I decided that after lunch would be a good time for me to do it. No sense operating on an empty stomach, right? I also thought that would give me a good opportunity to go home, and pull out all my books and pictures on the hand, and specifically on the anatomy of the ulnar nerve in the wrist :)


After lunch, I got started. The person had somehow fallen while holding a sickle, and had a huge cut to her palm, extending into the wrist. It had severed several tendons, as well, but they had already fixed those (this was her 3rd trip to the OR). I started exploring where I thought the ulnar nerve should be, and found the end on the side of her wrist. It took me a lot longer to find the other end (on the side of her hand), but eventually I did...or at least, I thought I did...but why were there 2 things that both looked like cut ends of nerves? Hmm. From my review of anatomy, I knew that the ulnar nerve splits into superficial and deep branches right around there, so I figured I had found them both. And then on closer inspection, I realized that the end of the nerve I'd found on the wrist side actually split right at the end, so I could see where they both had to go. Fortunately they came together nicely without much tension, and so I did my best to repair them. It was my first time working with such a fine suture (8-0 nylon, for any of you surgical folks), and it was tricky, but the loupes sure helped. We also didn't really have the type of fine instruments you need to work with a suture that small. Well, we sort of did, but the needle driver didn't really grasp the needle well. So I alternated placing the stitch with the bigger needle driver, and then tying the knot with the tiny one.

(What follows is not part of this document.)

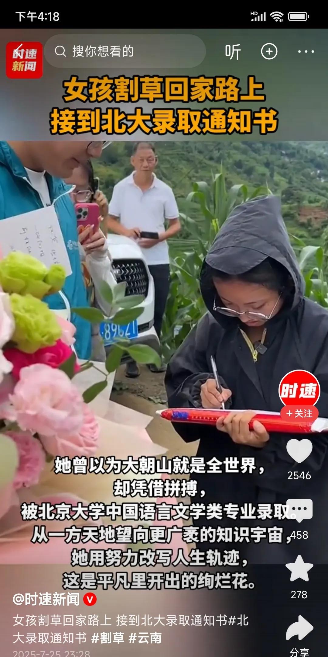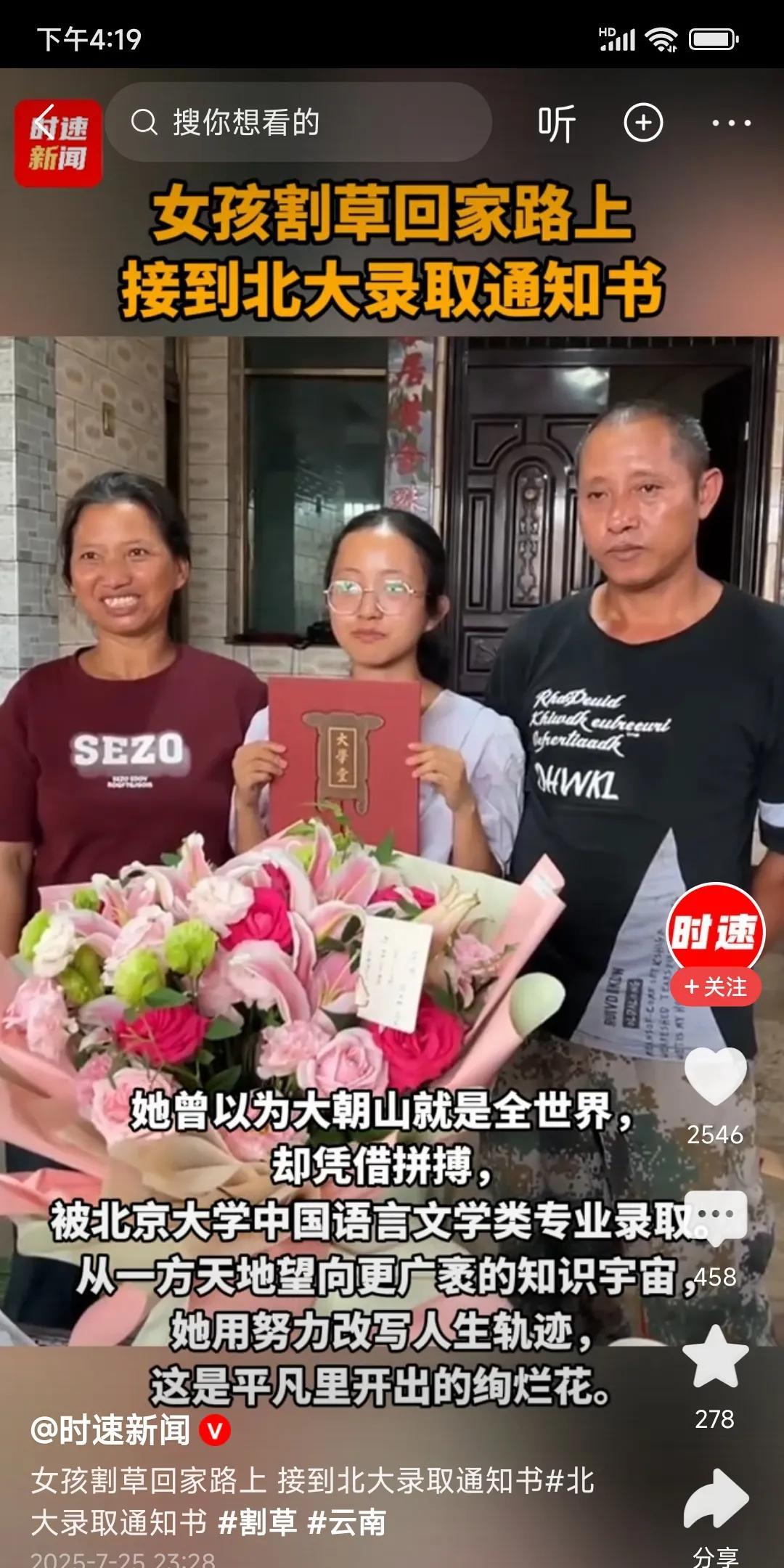 谁说寒门不能出贵子?这两个女孩今年都被北京大学录取了,她们就是来自一穷二白的所谓寒门家庭。 一个是云南临沧女孩张镜,人家是在割牛草回家的路上拿到的通知书,另一个是广西女孩李秋菊,她家最值钱的东西就是斑驳墙上贴满的那些奖状!以前经常有人说现在寒门出不起贵子,现在的顶尖名校已经容不下一些寒门子弟,可这两乡下女孩就让某些人啪啪打脸了。 人家没有上过辅导班,也没有听过名师课堂,她们凭借的就是永不言败的拼搏精神走出大山,实现从丑小鸭到白天鹅的完美逆袭!试问现在还有几个十几岁的青少年会去做家务,有几个人会去干割牛草等农活,大部分都是吹着空调玩着游戏吧?现在物质生活条件比以前好了千万不倍,但孩子们吃苦耐劳的精神却一代不如一代,只有吃的苦中苦方为人上人,勤俭节约吃苦耐劳的传统美德永远不能丢!她俩都被北京大学录取了,是人生最高光的时刻,可是这成功的背后流了多少汗水又有人知道呢?
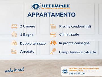 (Riferimento: BS-084-RV) Bibione (Rif. BS-084-RV) COMODO E LUMINOSO APPARTAMENTO BICAMERE RISTRUTTURATO IN PRONTA CONSEGNA | BAGNO FINESTRATO CON BOX DOCCIA | DOPPIO TERRAZZO ABITABILE | COMPLETAMENTE ARREDATO | CLIMATIZZATO | PISCINE CONDOMINIALI + CAMPI DA TENNIS-CALCETTO + RISTORANTE E BAR | POSTO AUTO COPERTO DI PROPRIETA' | DOPPIO TERRAZZO | DISPONIBILITA' IMMEDIATA | TETTO CONDOMINIALE RIFATTO! A soli 600mt dal centro ed a circa 1,2 km dalla spiaggia, in curato residence con piscine, bar, ristoranti, campi da calcetto/tennis ed in zona residenziale ottimamente servita (bar, ristoranti, tabacchino, ufficio postale, luna park, ecc.), proponiamo in vendita, in palazzina costruita agli inizi degli anni '80, quest'interessante appartamento bicamere, climatizzato (pompa di calore), posto al 3° ed ultimo piano (condominio servito da ascensore) così composto: ingressino, ampia cucina/soggiorno open-space con annesso terrazzo abitabile, disimpegno, due camere da letto entrambe matrimoniale ed entrambe con accesso al secondo terrazzo abitabile e bagno finestrato con box doccia e bidet completamente riqualificato. Completa la proprietà al piano terra il posto auto coperto di proprietà. L'appartamento viene ceduto COMPLETAMENTE ARREDATO come da fotografie; la cucina è dotata di piano cottura e frigorifero. Il tetto è già stato oggetto di riqualificazione condominiale, mentre l'appartamento al suo interno ha subito i seguenti lavori: installazione del portoncino blindato, riqualificazione della pavimentazione, sostituzione battiscopa, riqualificazione parziale dell'impianto elettrico, rifacimento totale del bagno (inclusi gli impianti), installazione del climatizzatore in pompa di calore (da 18.000 btu), sostituzione del boiler elettrico, impermeabilizzazione e rifacimento di entrambi i terrazzi. Rendita catastale molto bassa che permette di abbattere i costi sul passaggio di proprietà! Spese condominiali mini

In the end, it looked pretty, anyways. Someone did take a photo, but not on my camera, so I can't show it off. It may be months before we know if it worked or not. Nerves take a long time to regenerate. As the orthopedic surgeon said, "We do our best...and trust God for the rest." Absolutely...and so I'm praying that this nerve heals.

Then, because I'm apparently becoming the hand specialist here, along came another patient with a cut injury, also from a sickle (a VERY common injury around here), this time on the back of his hand. It had managed to cut right through the bone leading to his index finger (and it turned out it was in several pieces), as well as the 2 extensor tendons to that finger. I cleaned up the bone edges, and then worked for a long time to figure out how they go together...it was a puzzle, and it wasn't really obvious this time. Then I drilled a wire into the bone to hold the pieces in place as best as possible, and closed the tissue overtop. The bone part was the hardest part. The tendons were cleanly cut, and the repair wasn't too difficult.

I was quite proud at the end of the day, because hand stuff is pretty complicated, and something I have very little experience with. So far I've done a few cases, but always with someone more experienced around helping me. Yesterday I was on my own, but I think it went okay. Though, as I say, we'll have to see what the long-term results are.

In other hospital news, there has been a run of cases of mushroom poisoning here. I actually read about it in the Kathmandu newspaper before I came back. It's now become quite a public thing, and the other day when 6 more patients with mushroom poisoning (all from the same village) came in, multiple people were there, including the press. It became a bit of a crowd control problem. So far, 4 have died (and 3 were young children all from the same family). The poison in these mushrooms is bad...it causes the patient's liver to fail, and there really is no antidote. I'm told that back in 2004 there was something like 40 cases of mushroom poisoning that came in during the monsoon season. Of those, maybe 13 died, which actually isn't even a high percentage (the books quote up to a 60% mortality rate from eating these mushrooms). Nasty!